Invest In Small Towns to Create Big Change
By Ed McMahon, Chairman of the National Main Street Center’s Board of Directors
When Erin and Ben Napier returned to her hometown of Laurel after college graduation in 2008, the community was struggling with empty storefronts and economic disinvestment. That same year, the city of Laurel became a designated Main Street program, and more than a decade later, the city of 18,000 has seen a rebirth of downtown business and an influx of tourists, many of whom have come to know and love Laurel through “Home Town,” Napier's HGTV show. Laurel’s story resonates with viewers—in large part because it showcases the power of place and the ability of a committed group of people to make a difference. Through the redevelopment efforts of the Napiers and many other community leaders, downtown Laurel has become a thriving destination. Today, the city is known for its historic Craftsman-style homes, mom-and-pop boutiques, local restaurants, enchanting murals and small-town charm.
The story of Laurel also illustrates the power of the Main Street approach to economic revitalization, which creates change through small steps, small developments, and small business. That’s the strategy taken by the Mississippi Main Street Association, an economic development nonprofit that supports small towns and neighborhood commercial districts around the state. In just the last year alone—and in the midst of a global pandemic—Mississippi Main Street reported nearly 600 net new jobs and nearly 200 net new businesses in designated Main Street communities.

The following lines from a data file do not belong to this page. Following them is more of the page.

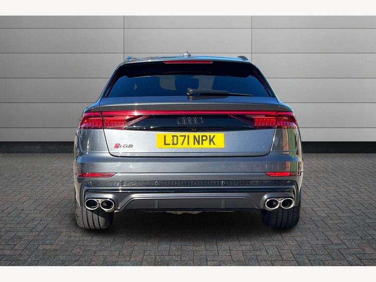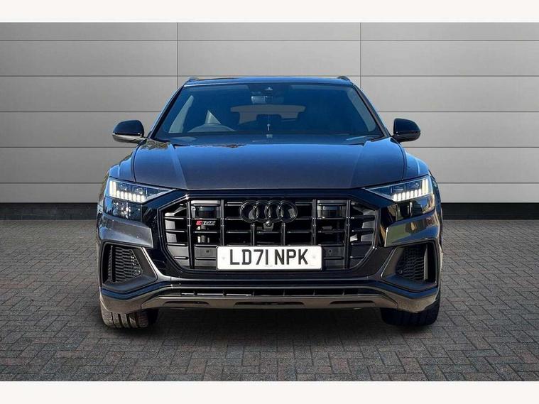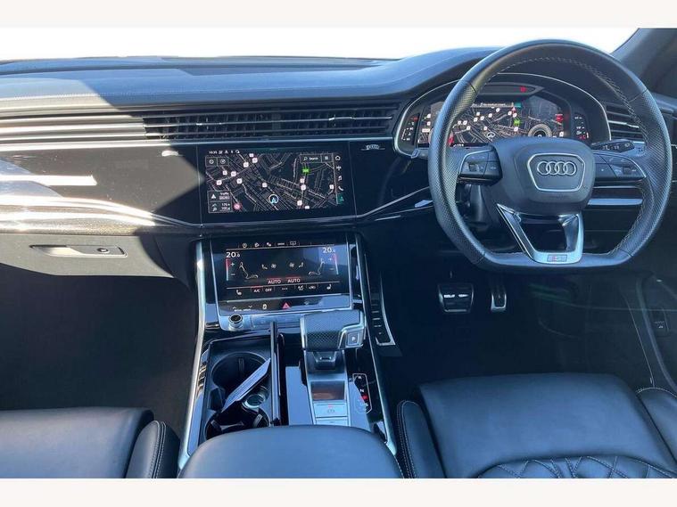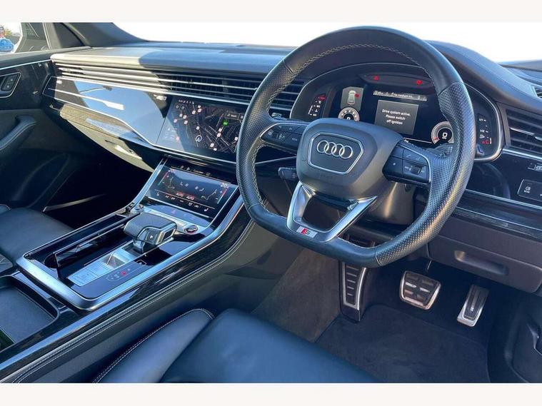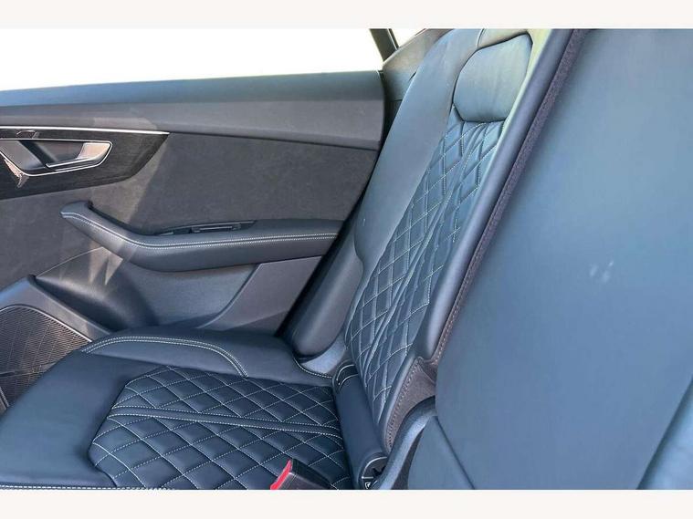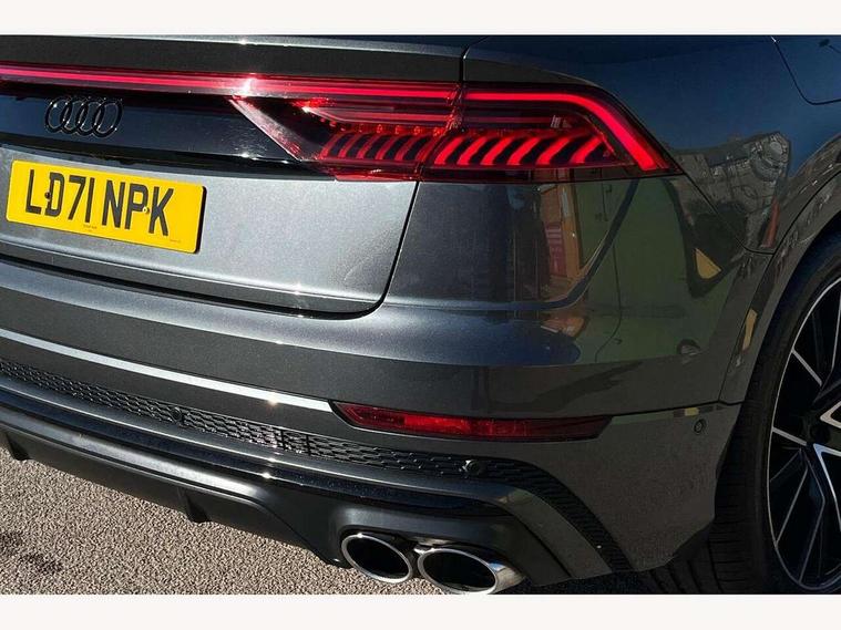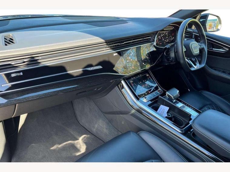 10.1" and 8.6" Dual colour touchscreens, All wheel steering, Audi connect safety and service (e-call), Audi connect with Amazon Alexa Integration, Audi drive select, Audi parking system plus includes 360 degree display with front and rear sensors, Audi virtual cockpit - 12.3" high resolution LCD display with fully customisable instrument cluster, Automatic start/stop system, Electro-mechanical PAS, Low washer fluid indicator, MMI - Multi Media Interface control system, MMI navigation plus with MMI touch, Natural voice recognition, On board computer, Operating buttons in black, glass look with haptic feedback, Power operated tailgate, Rear view camera, Service interval indicator, Smartphone interface includes wireless Apple carplay/Android Auto, 48V Mild hybrid technology, 85 litre fuel tank, Quattro all wheel drive with self locking centre differential, S specific Adaptive air suspension, Audi music interface with 2 USB ports with charge and data functions, Audi sound system with 6 channel amplifier, 180 watt amplifying capacity and 10 loudspeakers including subwoofer, Aux-in socket, DAB Digital radio, Acoustic windscreen, Audi Beam uses LEDs to project the Audi logo, Audi HD Matrix LED headlights with dynamic front and rear indicators, Auto dimming frameless rear view mirror, Body coloured bumpers, Coming/leaving home lighting function, Electric front+rear windows, Electrically folding auto dimming/adjustable/heated door mirrors with memory function, LED side indicators and kerb view function for passenger side, Gloss black finish for exterior Audi rings and SQ8 logo, Headlight washers, Heat insulating glass in windshield, LED signature daytime running lights, Platinum grey front spoiler lip and diffuser insert, Privacy glass - dark tinted rear and rear side windows from B-pillar backwards, Rain and light sensors, Rear wiper, S specific dual brach chrome tailpipes on both the left and right, S specific front and rear bumpers, S specific side skirts in matt selenite silver, Side air inlet grilles in matt titanium black, Trim and underbody protection in matt selenite silver, 4 zone deluxe automatic climate control, 4-way lumbar support for front seats, 40:20:40 split folding rear bench seat, Black cloth headlining, Comfort front centre armrest, Driver seat memory function, Electrically adjustable front seats, Front head restraints, Front/rear floor mats, Heated front seats, Illuminated door sill trims, ISOFIX child seat mounting for front passenger seat and 2 outer rear seats with top tether child seat mounting for all 3 rear seats, LED interior ambient lighting, Luggage compartment sill protection in stainless steel, Rear centre armrest with 2 cupholders, Rear headrests, Rear seat bench plus, Stainless steel pedals, Sunvisors with illuminated vanity mirrors, Upper and lower interior elements in leather, leather door armrests, Titanium Black Styling Pack - Q8, 3 point seatbelts on all seats, Audi pre sense front, Driver and front passenger, front side and curtain airbags, Electromechanical parking brake, Electronic Stability Control (ESC) including ABS, ASR and EDL, Front passenger airbag deactivation, Hill descent control, Hill hold assist, Predictive pedestrian protection, Seatbelt monitoring, Traction control, Tyre pressure loss indicator, Warning triangle and first aid kit, Anti theft alarm with tow away protection, Anti-theft wheel bolts and wheel loosening detection, Immobiliser, Keyless go with remote central locking, Polished oak trim with grey finish inlay, Tool kit, Tyre repair kit,
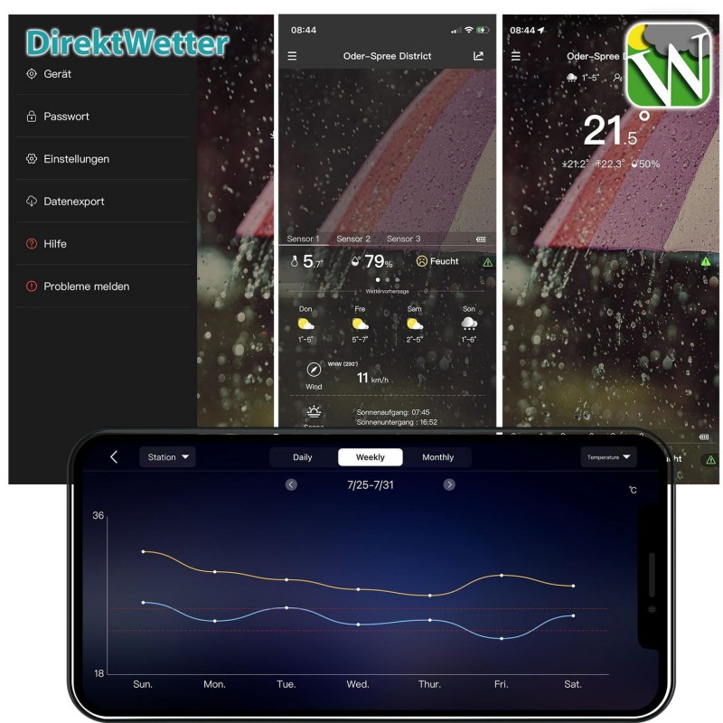 З інноваційною технологією DirektWetter, ця станція може отримувати регіональні прогнози погоди, підготовлені професійними метеорологами. При першому підключенні до додатка, метеостанція отримує данні про місцезнаходження за допомогою геолокоції телефону, орієнтуючись на найбільший населений пункт в межах 5 км, і в подальшому використовує ці дані для відображення прогнозу погоди для вашого населеного пункту, місцевого часу, часу сходу і заходу сонця в будь-якій точці України, де є мережа Інтернет. Крім того, місцева зовнішня температура передається на базову станцію за допомогою радіопередавача з частотою 868 МГц і радіусом дії до 50 метрів. Це дає вам повну картину поточної та майбутньої погодної ситуації.
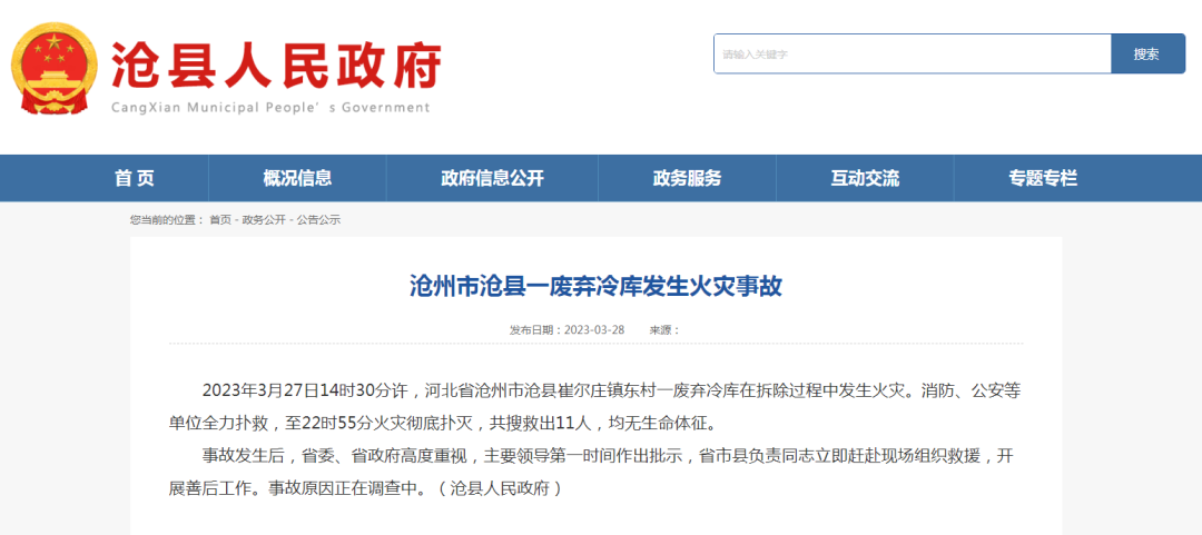 2023年3月27日14時30分許,河北省滄州市滄縣崔爾莊鎮(zhèn)東村一廢棄冷庫在拆除過程中發(fā)生火災(zāi)。
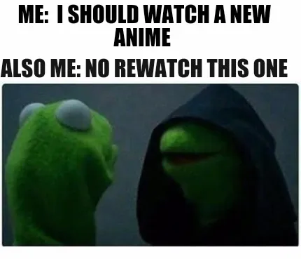 Create Me I Should Watch A New Anime Also Me No Rewatch This One Meme
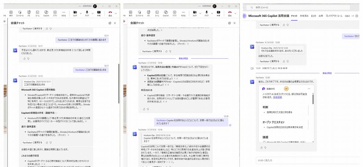 そこでCopilotは、Teamsで利用できる「ファシリテーターエージェント」を新たに提供しました。Teamsの中でシームレスに動作し利用できるエージェントは、これまでも利用してきたMicrosoft 365に組み込まれているからこその強みに感じます。
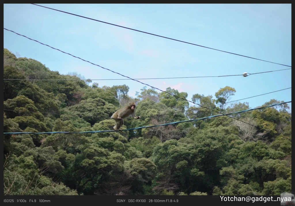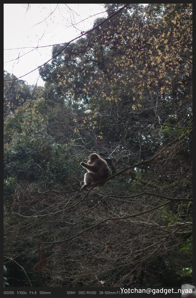そうこうしている間に野生のニホンザルを発見して撮影タイム。
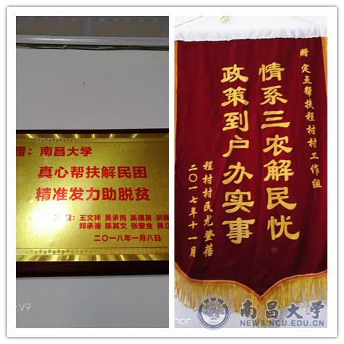 贫困户代表向学校驻村工作组赠送的牌匾和锦旗,表达感激之情
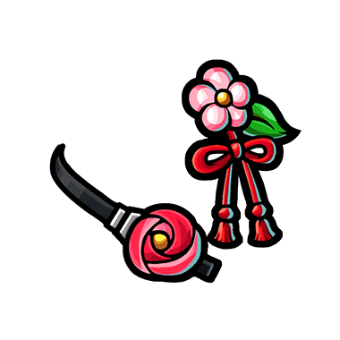 - 椿をあしらった眼帯。一輪の椿は踊るように戦場を駆け巡る。
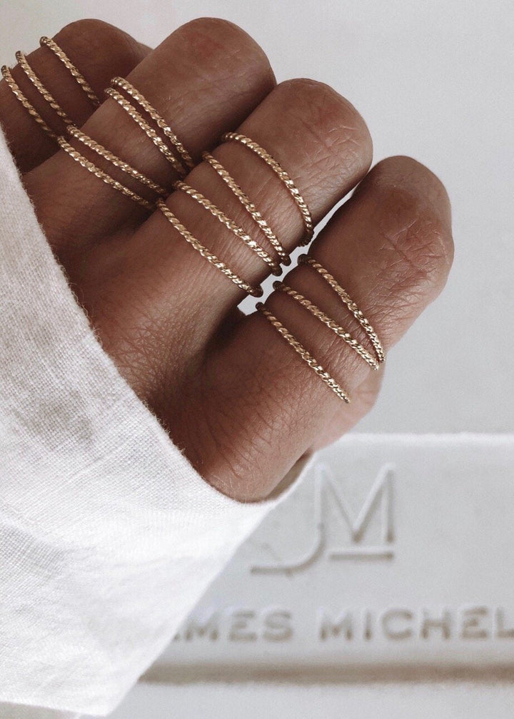 Add a twist to your style with the James Michelle Twist Stacking Ring! Made from waterproof brass with a durable 10k gold PVD coating, this trendy ring is hypoallergenic and perfect for mixing and matching with your favorite pieces. A must-have for your chic jewelry lineup!
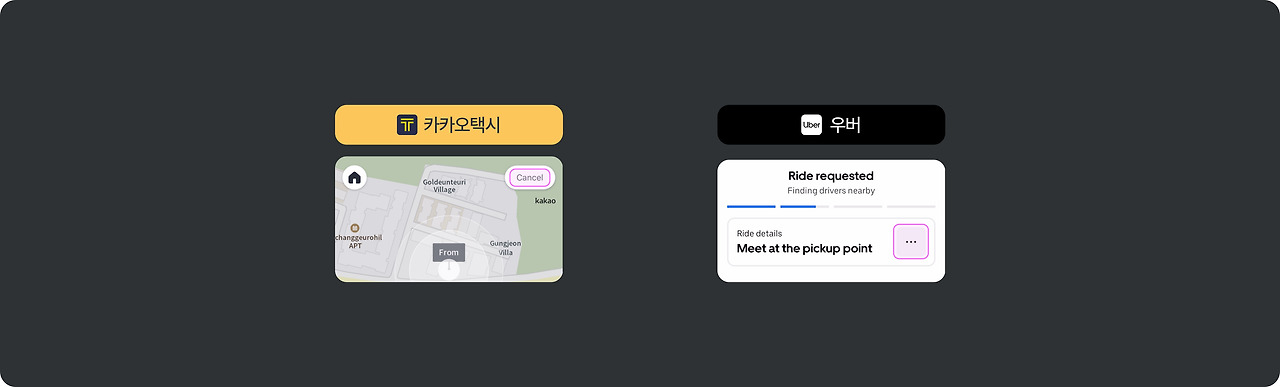 통상적으로 [···] 아이콘을 누르면 = [관련 메뉴 / 생략된 추가 정보]가 나온다입니다. 그래서 [택시 안내 메시지 옆에 있는 말줄임표 버튼]이니까 [관련한 택시 정보나 취소 기능]이 나오겠거니 추측할 순 있어요. 하지만 취소처럼 사용자에게 꼭 필요한 기능은 추측해 찾는 것이 아닌, 쉽게 발견하고 누를 수 있어야 합니다.
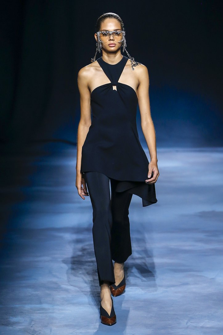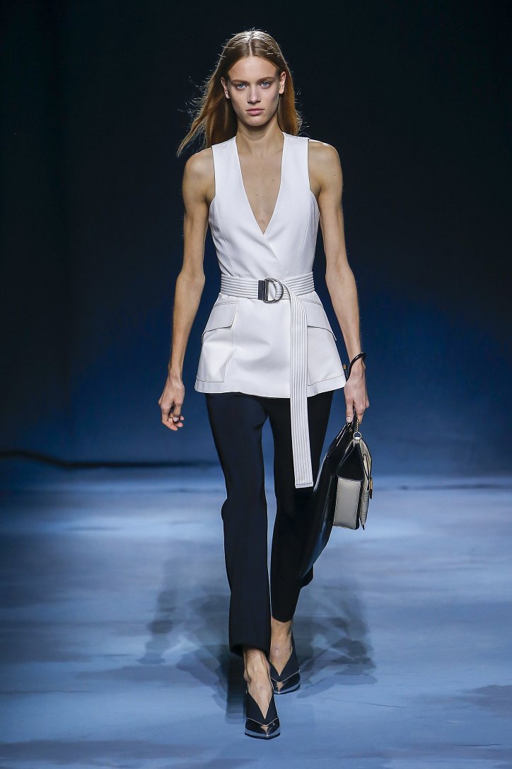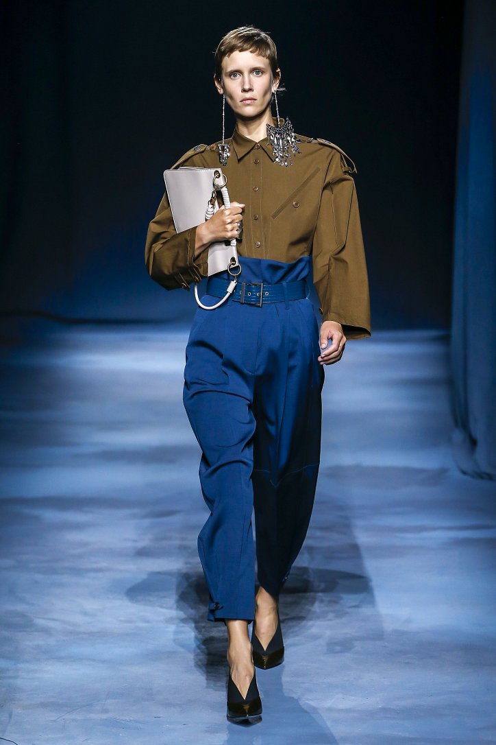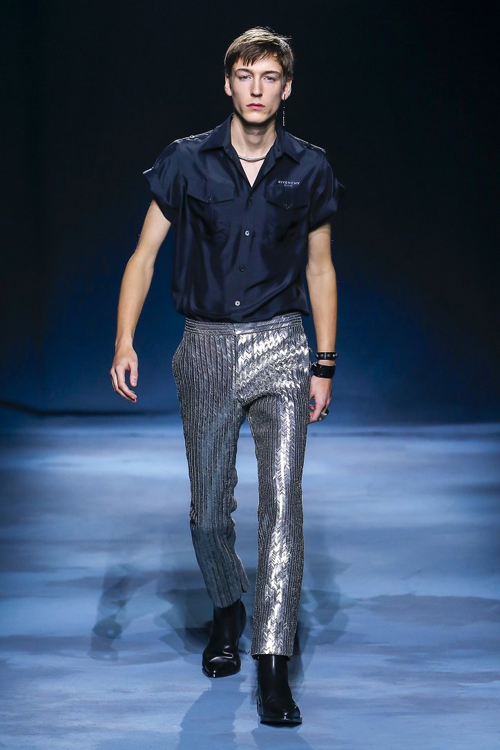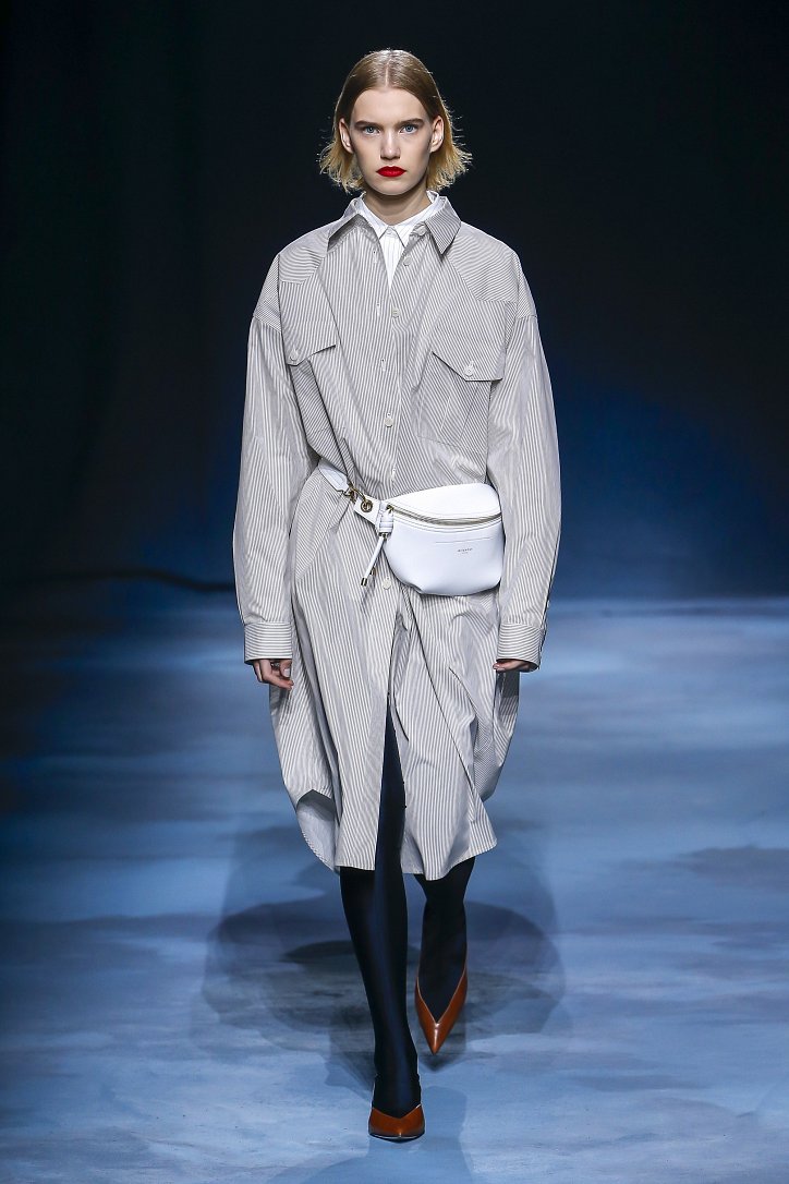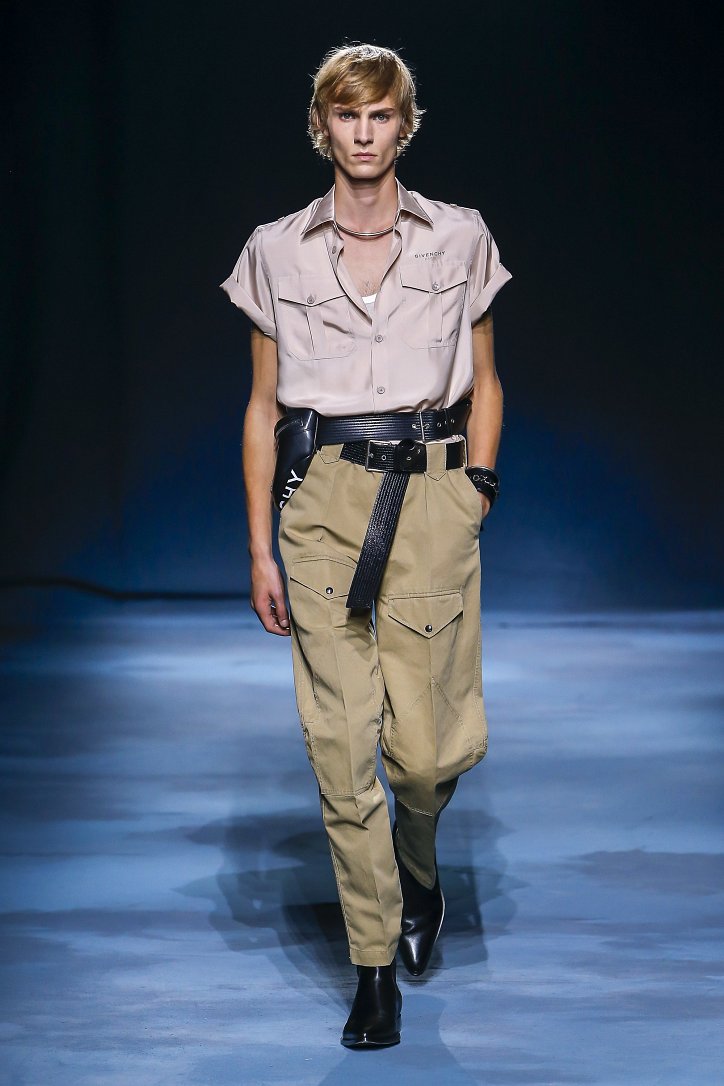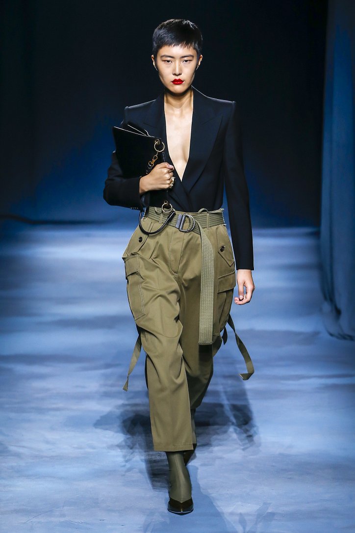 Коллекция Givenchy – это микс из одежды мужского и женского стиля. Героиня Givenchy, как и ее прообраз, носит строгие тренчи и брюки со стрелками, рубашки с остроугольными воротничками и брюки-карго с накладными карманами, но при случае свободно себя чувствует и в асимметричных платьях-плиссе, летящих палаццо и жакетах, надетых на голое тело (и, к слову, заправленных за высокий пояс брюк). При этом в одном луке вполне могут встретиться и андрогинные вещи и откровенно женственные.

Yet politicians love nothing better than a ribbon cutting for a big new factory or distribution center. In fact, as much as 90% of state economic development dollars in the U.S. go to large companies. Take, for example, Nissan’s Canton factory, which employs about 5,200 people. To attract the plant, the state of Mississippi provided roughly $1.3 billion in subsidies over the first decade of operation—which works out to more than $200,000 per new job.
There’s no doubt projects like these have economic value. But too often, support for small businesses and small towns is overlooked in favor of elephant chasing. Contrast the amount of money the state put into the Nissan plant with the amount it allocated to Mississippi Main Street. Over the last six years, the nonprofit helped its Main Street communities create more than 8,000 net new jobs with less than $500,000 in state funding—averaging $62.50 in state investment per job created.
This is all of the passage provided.